The metric improved. Real patient care deteriorated.

This phenomenon has a name: Goodhart's Law, formulated by British economist Charles Goodhart in 1975: "When a measure becomes a target, it ceases to be a good measure."

The mechanism is deceptively simple yet profoundly important. Metrics are proxies—imperfect representations of what we actually care about. When metrics carry consequences (rewards, punishments, status, resources), people optimize for the metric rather than the underlying goal. The metric diverges from its purpose.

Goodhart's Law is everywhere: education (teaching to tests), healthcare (avoiding risky patients), business (vanity metrics), government (statistical manipulation), technology (engagement metrics undermining wellbeing), research (citation gaming). Any domain using metrics faces this problem.

This article explains Goodhart's Law comprehensively: the mechanism behind it, why it's nearly inevitable, classic examples across domains, the psychology of metric gaming, how to detect it, strategies for designing more robust metrics, when metrics should and shouldn't be targets, and the fundamental tension between measurement and management.


Understanding Goodhart's Law: The Core Mechanism

Before examining solutions, understand precisely why metrics break when targeted.

The Proxy Problem

Metrics are rarely the actual goal—they're indicators of goals we care about.

Actual Goal Metric Proxy Gap
Student understanding Test scores Tests measure narrow slice of understanding
Customer satisfaction Survey ratings Surveys sample opinions, not full experience
Employee productivity Hours worked Hours ≠ valuable output
Hospital quality Mortality rate Sickest patients avoided to protect metric
Code quality Lines of code More lines often means worse quality
Website value Page views Views without engagement or value

The gap between goal and proxy creates opportunity for gaming. When the proxy becomes the target, rational actors maximize the proxy even when doing so undermines the goal.

The Optimization Dynamic

Step 1: Metric introduced as indicator of performance

Initially, metric correlates with goal. High-performing entities naturally score well; low performers score poorly. Metric provides useful information.

Step 2: Metric becomes target with consequences

Organizations set targets.
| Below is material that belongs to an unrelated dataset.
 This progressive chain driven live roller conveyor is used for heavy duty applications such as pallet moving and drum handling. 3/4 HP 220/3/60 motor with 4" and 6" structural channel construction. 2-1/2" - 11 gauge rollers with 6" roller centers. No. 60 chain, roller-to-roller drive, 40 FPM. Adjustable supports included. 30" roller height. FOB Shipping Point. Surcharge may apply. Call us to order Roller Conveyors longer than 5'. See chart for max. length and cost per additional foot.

Achieving targets brings rewards (bonuses, promotions, funding, reputation); failing brings punishments (loss of resources, shame, job loss).

Step 3: Actors optimize for metric, not goal

Rational response: Maximize metric. This includes:

  • Legitimate improvement: Actually getting better at real goal (best outcome)
  • Focus shifting: Prioritizing measurable aspects while neglecting unmeasured ones
  • Gaming: Finding ways to boost metric without improving (or while harming) real goal
  • Manipulation: Distorting data, exploiting loopholes, outright cheating

Step 4: Metric-goal divergence widens

As gaming increases, correlation between metric and goal weakens. Eventually metric becomes meaningless or actively harmful indicator of true performance.
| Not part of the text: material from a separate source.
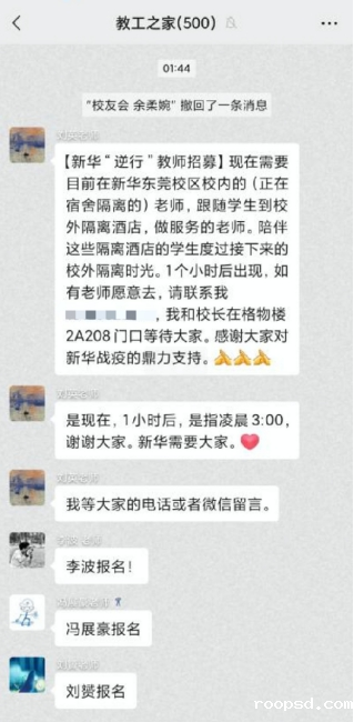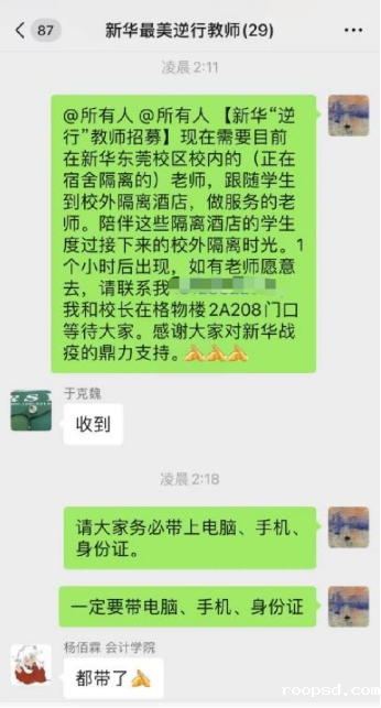 23日12时,首批关爱学生专班的吴翔老师到达隔离酒店后第一时间加入学生沟通群,向同学们传达学校的关爱和鼓励,号召同学们临危不惧,同心抗疫。

Step 5: Metric loses informational value

The measure that once provided insight now obscures reality. Organizations are "hitting targets but missing the point."

Why It's Nearly Inevitable

Goodhart's Law isn't about bad people—it's about rational responses to incentives in complex systems.

Reason 1: No perfect metrics exist

Every metric has gaps. Perfect measures would require capturing all dimensions of complex goals—which is either impossible or so burdensome it prevents action.

Reason 2: Gaming is easier than genuinely improving

Often, manipulating metrics is cheaper and faster than actual improvement. When people face pressure to hit targets, they take the path of least resistance.

Example: Improving actual teaching quality requires expertise, time, resources. Teaching specific test content requires less. Under pressure, teachers rationally focus on tests.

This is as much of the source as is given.